## Dataset records
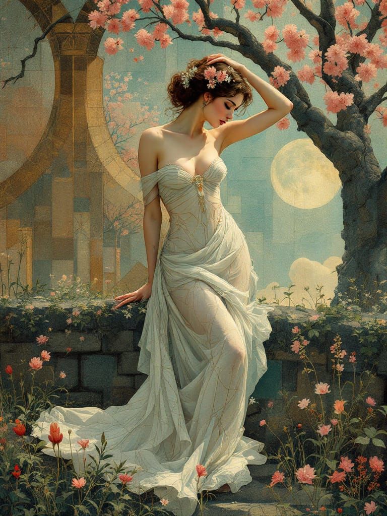 This image blends Art Nouveau elegance with vintage pin-up charm against an abstract garden backdrop. Featuring geometric patterns and cherry blossoms in pearlescent pastels, it offers a dreamlike, refined aesthetic.
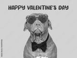 Happy Valentine's Day. Lovable dog and congratulatory inscription. Closeup, indoors. Studio shot. Congratulations for family, relatives, loved ones, friends and colleagues. Pet care concept
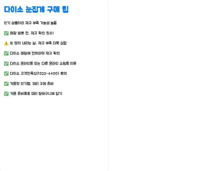 다이소 고객만족실(1522-4400)에 전화해서 가까운 매장의 재고를 확인하는 방법도 있습니다. 다이소 눈집게는 겨울철 인기 아이템이므로, 눈이 내리기 전에 미리 준비하는 것이 좋습니다.
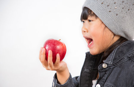 Asian Little girl with fruit and vegetables,concept Healthy food, vitamin and diet in the white background.
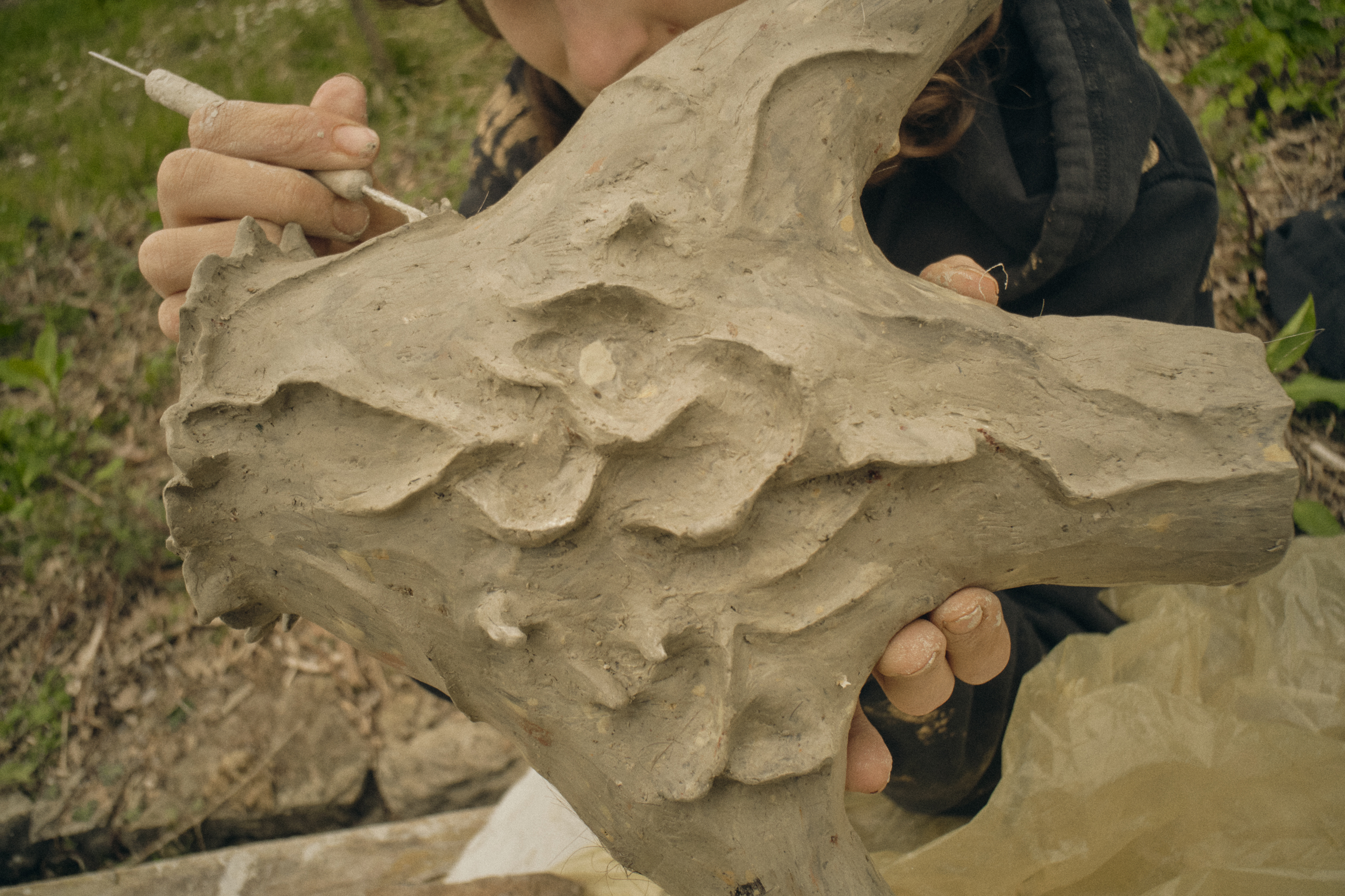 A final exhibition was held at Pian della Chiesa. During the event, the artists guided visitors to a Cavaneo using and activating the ceramic tools. Once they reached the Cavaneo, visitors were given small clay coins as offerings, and together, the group sealed the entrance of the Cavaneo with a large engraved stone slab, marked by all the artists. Through this gesture, the project reactivates the historical function of the Cavanei, reinterpreting them in a contemporary way and giving these structures new life and meaning, in the same way as many other cilivazions have done so in the past.

## What you will do
Pictures are to be left out, while the records are copied word for word.

## Exercise output
 This image blends Art Nouveau elegance with vintage pin-up charm against an abstract garden backdrop. Featuring geometric patterns and cherry blossoms in pearlescent pastels, it offers a dreamlike, refined aesthetic.
 Happy Valentine's Day. Lovable dog and congratulatory inscription. Closeup, indoors. Studio shot. Congratulations for family, relatives, loved ones, friends and colleagues. Pet care concept
 다이소 고객만족실(1522-4400)에 전화해서 가까운 매장의 재고를 확인하는 방법도 있습니다. 다이소 눈집게는 겨울철 인기 아이템이므로, 눈이 내리기 전에 미리 준비하는 것이 좋습니다.
 Asian Little girl with fruit and vegetables,concept Healthy food, vitamin and diet in the white background.
 A final exhibition was held at Pian della Chiesa. During the event, the artists guided visitors to a Cavaneo using and activating the ceramic tools. Once they reached the Cavaneo, visitors were given small clay coins as offerings, and together, the group sealed the entrance of the Cavaneo with a large engraved stone slab, marked by all the artists. Through this gesture, the project reactivates the historical function of the Cavanei, reinterpreting them in a contemporary way and giving these structures new life and meaning, in the same way as many other cilivazions have done so in the past.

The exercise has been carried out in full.